◆ Prompt ◆
Each entry below is to be returned exactly, with any pictures left out.

Collection entries
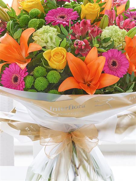 Featuring pink alstroemeria, green carnations, cerise germinis, yellow Asiatic lilies, orange large-headed roses and green spray chrysanthemums with pittosporum and salal, hand-tied, gift-wrapped and presented in Gift Packaging.
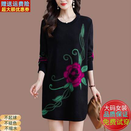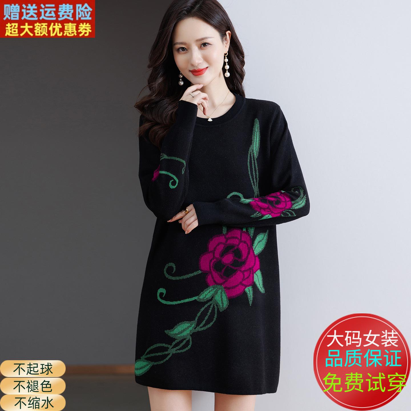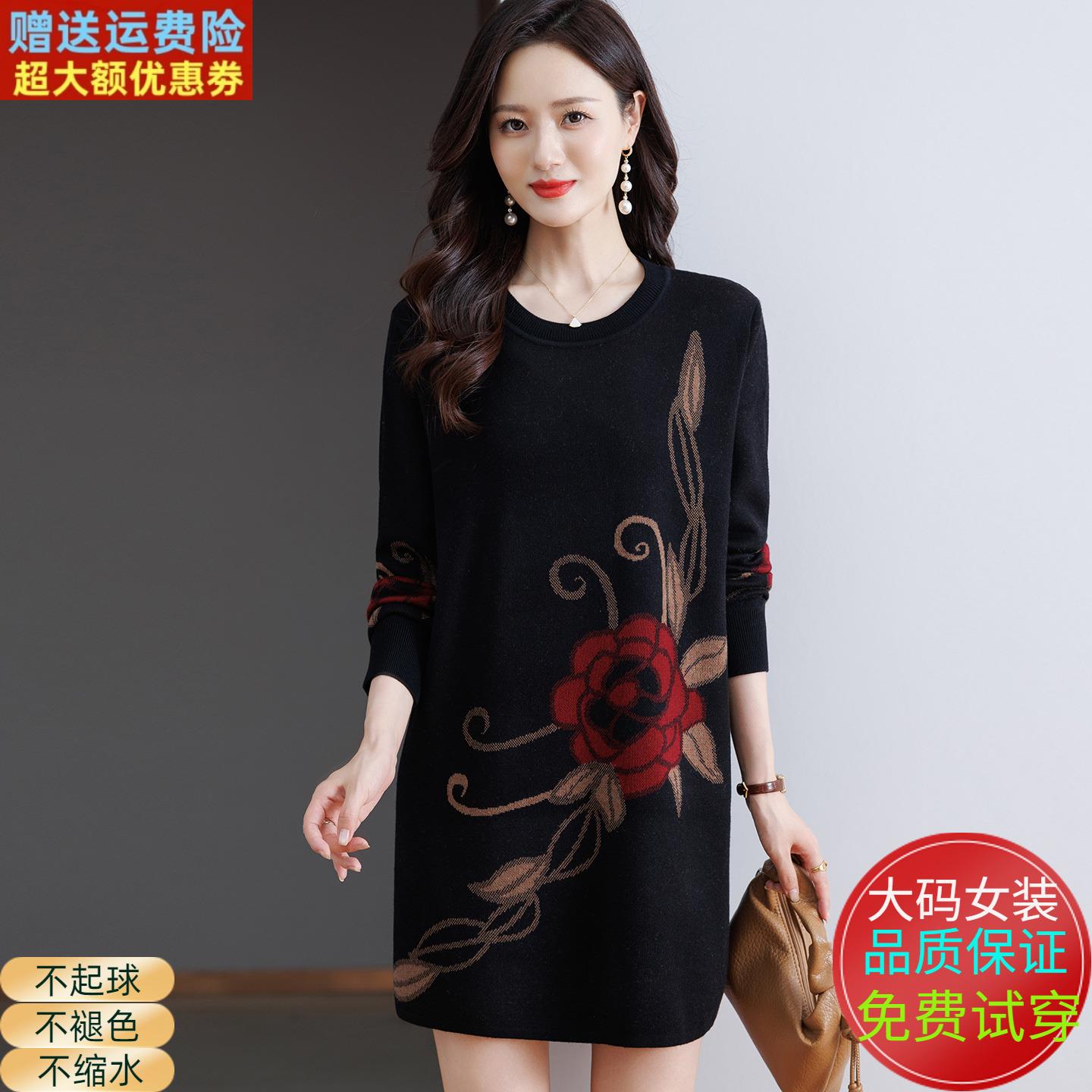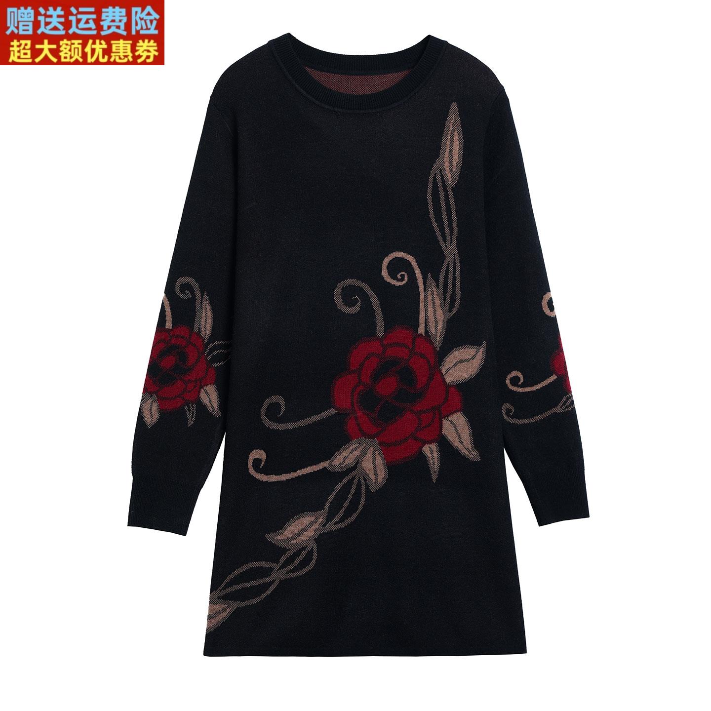 中年妈妈印花针织打底衫女秋冬圆领羊绒衫洋气大码宽松中长款毛衣
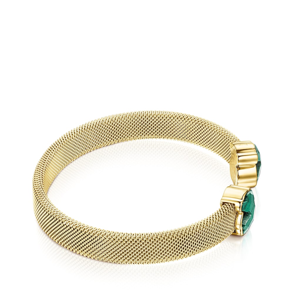 Gold-colored IP Steel Mesh Color Bracelet with Malachite
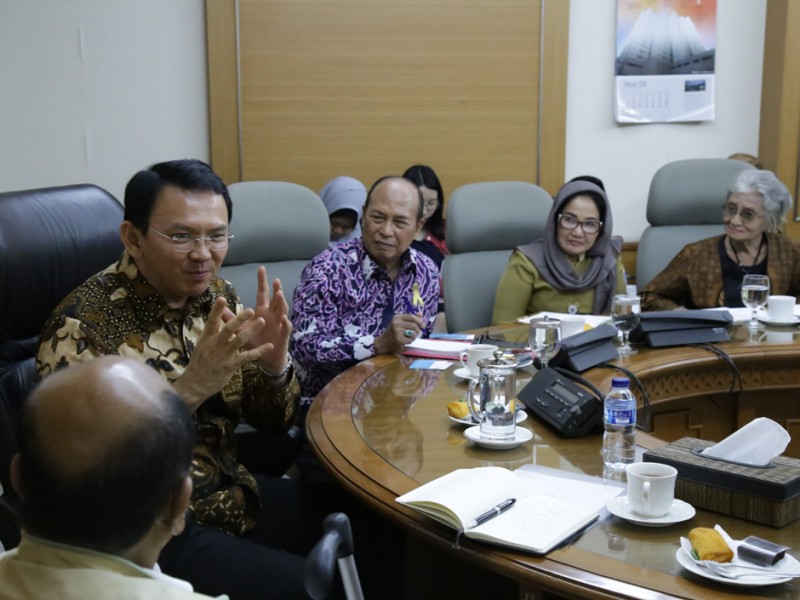 Gubernur DKI Jakarta, Basuki Tjahaja Purnama menerima Paguyuban Wartawan Senior Indonesia di Balai Kota DKI Jakarta, Selasa (9/2/2016). Kunjungan Paguyuban Wartawan Senior ini dalam rangka silaturahmi dan Peringatan hari Pers Nasional.(Foto: Yopie/beritajakarta.com)
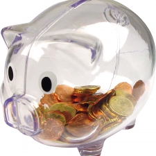 Zabawna świnka - skarbonka wykonana z transparentnego plastiku.
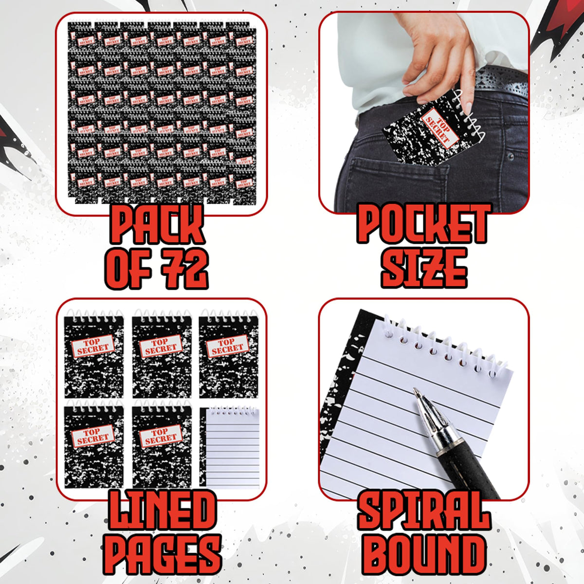 Bedwina Top Secret Mini Notepads for Kids Party Favors - (Pack of 72)
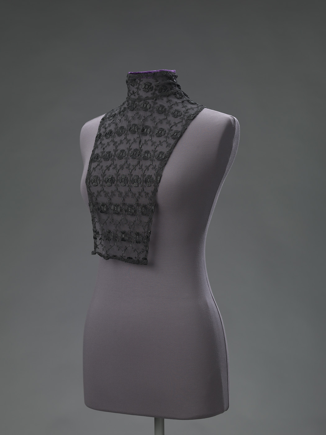 Guimpe van zwarte machinale geborduurde tule, sluiting boord middenachter met drukknopen, twee rugpanden die niet helemaal symmetrisch zijn. Paarse fluwelen rand langs de boord. Werd gedragen door een ouder persoon.- Trefwoorden

◆ Exercise output ◆
 Featuring pink alstroemeria, green carnations, cerise germinis, yellow Asiatic lilies, orange large-headed roses and green spray chrysanthemums with pittosporum and salal, hand-tied, gift-wrapped and presented in Gift Packaging.
 中年妈妈印花针织打底衫女秋冬圆领羊绒衫洋气大码宽松中长款毛衣
 Gold-colored IP Steel Mesh Color Bracelet with Malachite
 Gubernur DKI Jakarta, Basuki Tjahaja Purnama menerima Paguyuban Wartawan Senior Indonesia di Balai Kota DKI Jakarta, Selasa (9/2/2016). Kunjungan Paguyuban Wartawan Senior ini dalam rangka silaturahmi dan Peringatan hari Pers Nasional.(Foto: Yopie/beritajakarta.com)
 Zabawna świnka - skarbonka wykonana z transparentnego plastiku.
 Bedwina Top Secret Mini Notepads for Kids Party Favors - (Pack of 72)
 Guimpe van zwarte machinale geborduurde tule, sluiting boord middenachter met drukknopen, twee rugpanden die niet helemaal symmetrisch zijn. Paarse fluwelen rand langs de boord. Werd gedragen door een ouder persoon.- Trefwoorden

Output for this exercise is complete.